Adolphus Hailstork: Organ Music
Hailstork's music is elegant but also cleverly subversive; this album includes some extraordinarily inventive organ arrangements of traditional spirituals.
Leo Brouwer: The Black Decameron
Like Henze, Brouwer is one of the few composers to have arrived at a modern compositional language for the guitar which is both approachable and musically rigorous. Despite his European associations, Brouwer is in fact of Afro-Cuban descent.
Duke Ellington: C Jam Blues
Ellington remains unique in his inventive approach to jazz. This standard uses a traditional form to display a kaleidoscope of variations.

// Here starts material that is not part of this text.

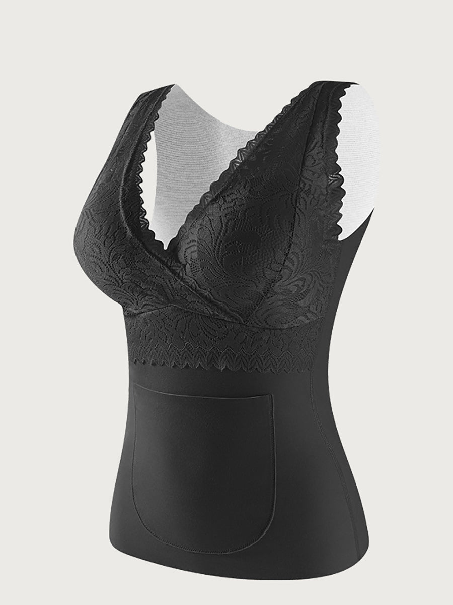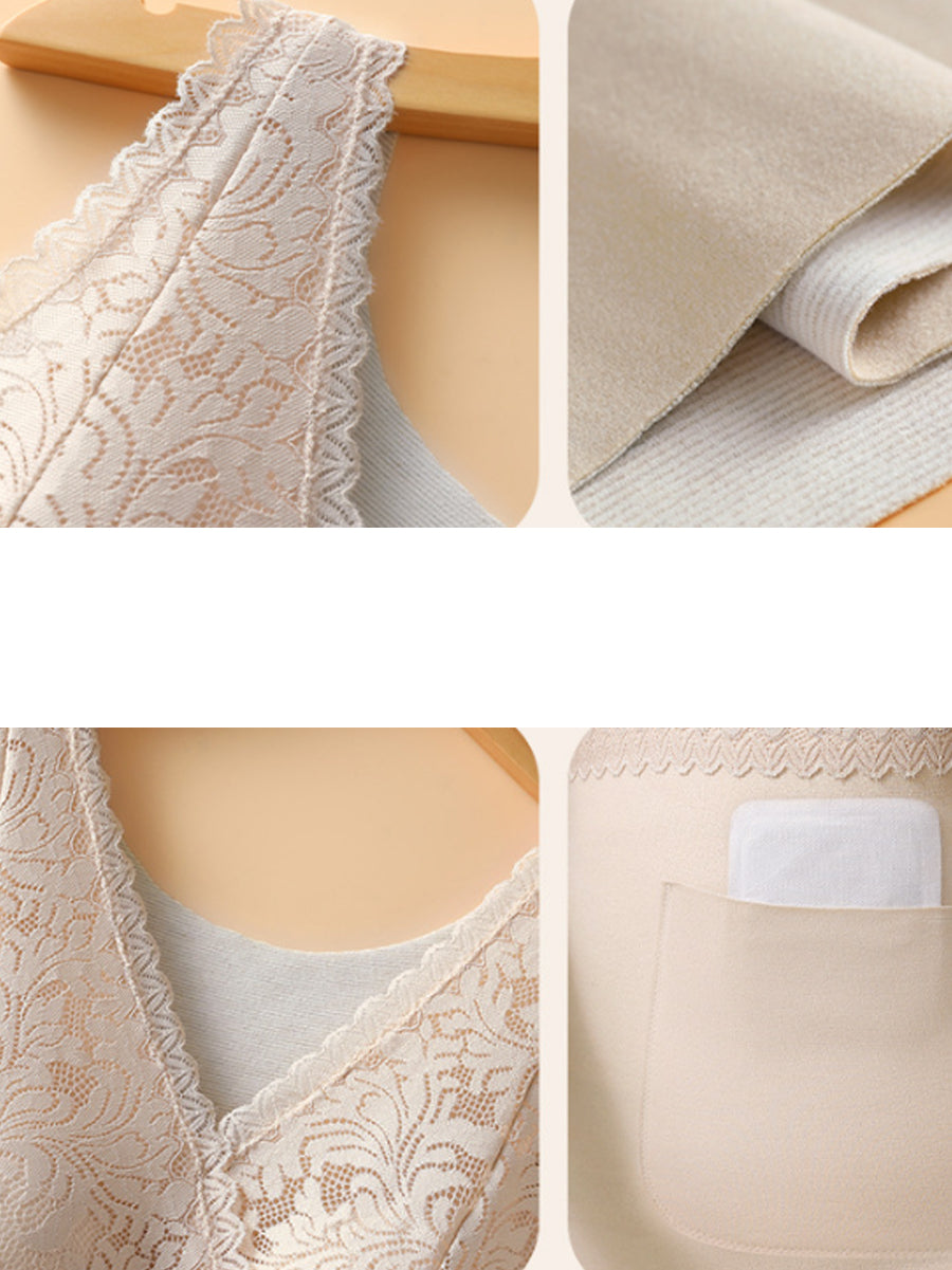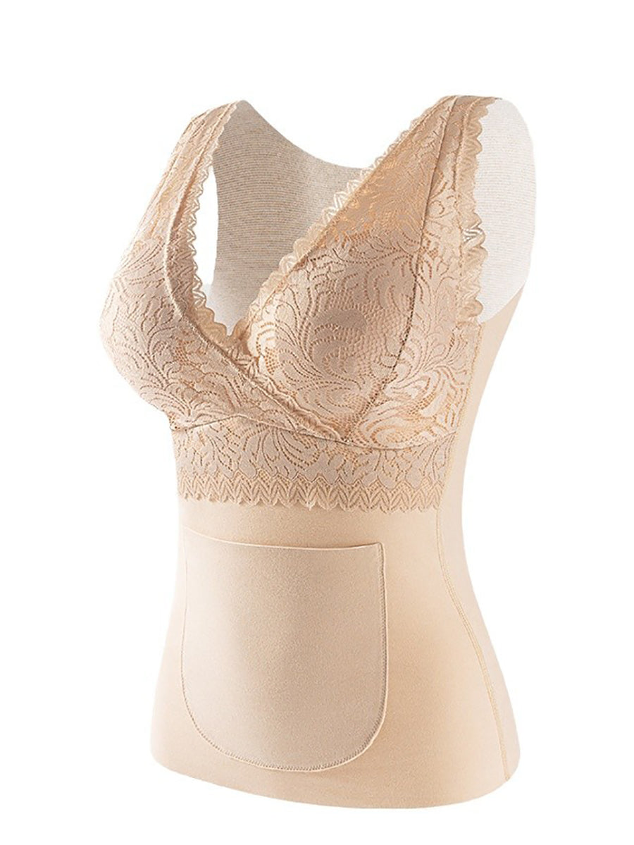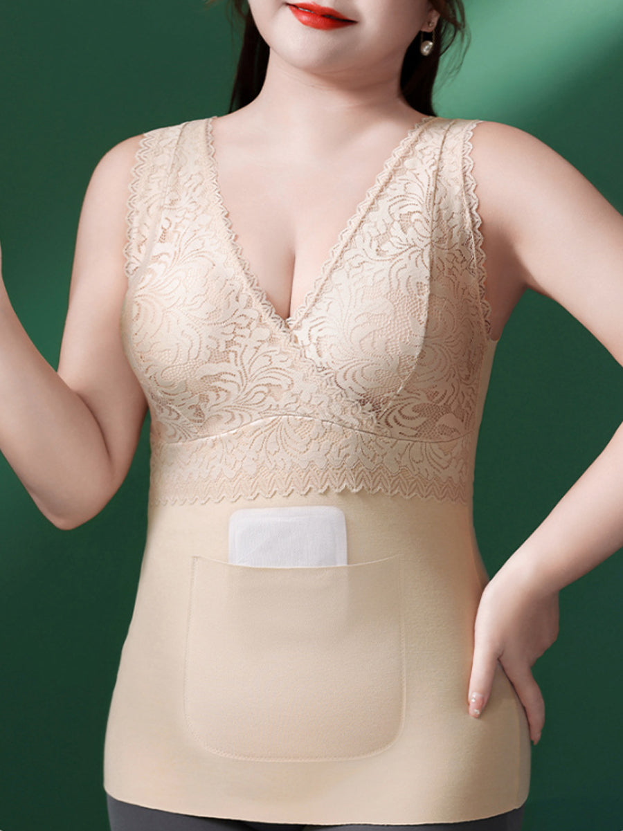 Women Winter Warm Lace With Bra Pads Base Vest

Like the Shakespearian tragedy which inspired it, this triumphant opera presents its Moorish protagonist as a complex, powerful character.
Gershwin: Porgy and Bess
This opera remains controversial, with frequent accusations of racial stereotyping. On the other hand, Gershwin insisted that the entire cast of the work's 1935 premier should comprise classically-trained African-American singers - a very radical idea at the time.
Scott Joplin: The Entertainer
The precursor of jazz, ragtime is in fact a highly inventive and sophisticated form.
Traditional Egyptian: Music of the Nile Valley
Egyptian music? Certainly. One area of scholarship maintains that ancient Egypt was in fact a black culture, which would have interesting implications for the Eurocentric view of 'civilisation'.